Congratulations on the spinning time!!
What kind of 'place' were you in? Looks interesting


----------



## deemail (Jan 25, 2011)

it looks like you camp the way I do. Me, the dog and my featherweight or a knitting machine....featherweight if there is electricity at the site, knitting machine, if not. No phones to answer, no dust bunnies fussing, just me and a lot of yarn and a new sweater (at least) to take home...Your yarn is lovely...I would have knitted that up first and worn it all weekend!!!


----------



## mama879 (Jan 27, 2011)

Great camping looks so comfy. Your spinning is wonderful I like both the colors to.


----------



## Fidra (Nov 11, 2013)

Beautiful spinning!


----------



## Cdambro (Dec 30, 2013)

Fun camping and lovely spinning.


----------



## Cookie61868 (Sep 19, 2011)

We camp in a family campground not too far from where we live. It makes it easier for all the family to enjoy seeing their work schedules are so different. We have most of the comforts of home, bathroom, shower and we bring a hot plate and toaster oven for inside the camper and a small propane grill for outside under the canopy. Columbus Day weekend is the last weekend this campground is open, so we made the best of it!!! You can see my Spinning wheel to the right of the fire.


----------



## Gaildh (Jan 15, 2015)

Wow great place!


----------



## wordancer (May 4, 2011)

Sweet! Spinning by a campfire!


----------



## Reba1 (Feb 5, 2012)

What a pleasant way to spend the weekend. I love the single on your bobbin, such pretty colors.


----------



## gardenpoet (Jun 24, 2016)

Thank you for sharing this so we could all enjoy it vicariosly.
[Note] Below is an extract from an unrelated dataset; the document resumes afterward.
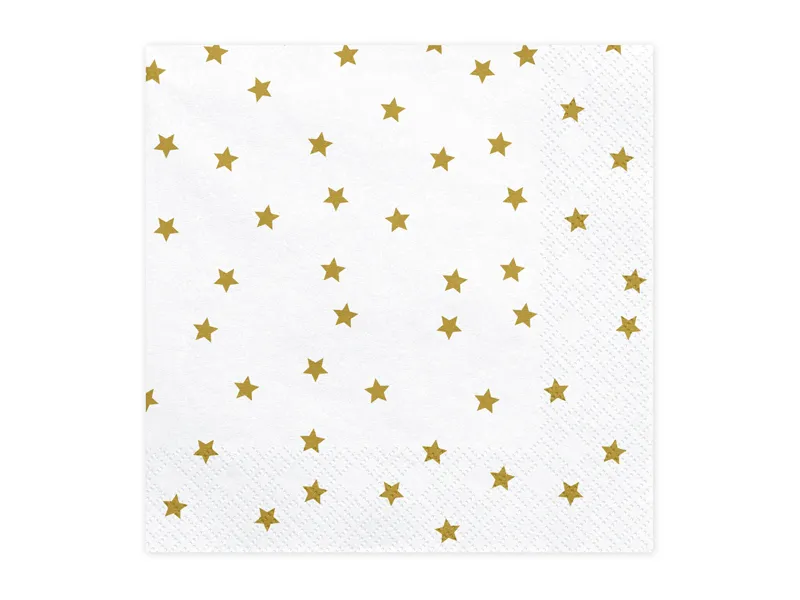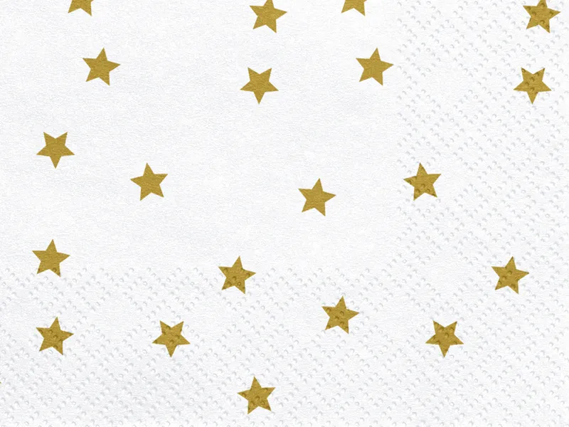 Serwetki papierowe Gwiazdki w kolorze białym ze złotym nadrukiem, wymiary po rozłożeniu ok. 33 x 33 cm, wymiary po złożeniu ok. 16,5 x 16,5 cm. (1 op. / 20 szt.)

Your spun yarn is lovely and will be a great memento of your time, too!


----------



## FiberQueen (Aug 23, 2012)

In my mind your weekend was perfect! Thanks for sharing.


----------



## spinninggill (Apr 9, 2011)

Congratulations on getting some spinning done. 'Fraid I don't do camping.


----------



## Alpaca Farmer (Jan 19, 2011)

Lovely yarn,very nice spinning.


----------



## sbeth53 (Mar 29, 2011)

Looks like a perfect weekend to me :sm24:


----------



## desireeross (Jun 2, 2013)

I take my espinner with me when camping . Love it


----------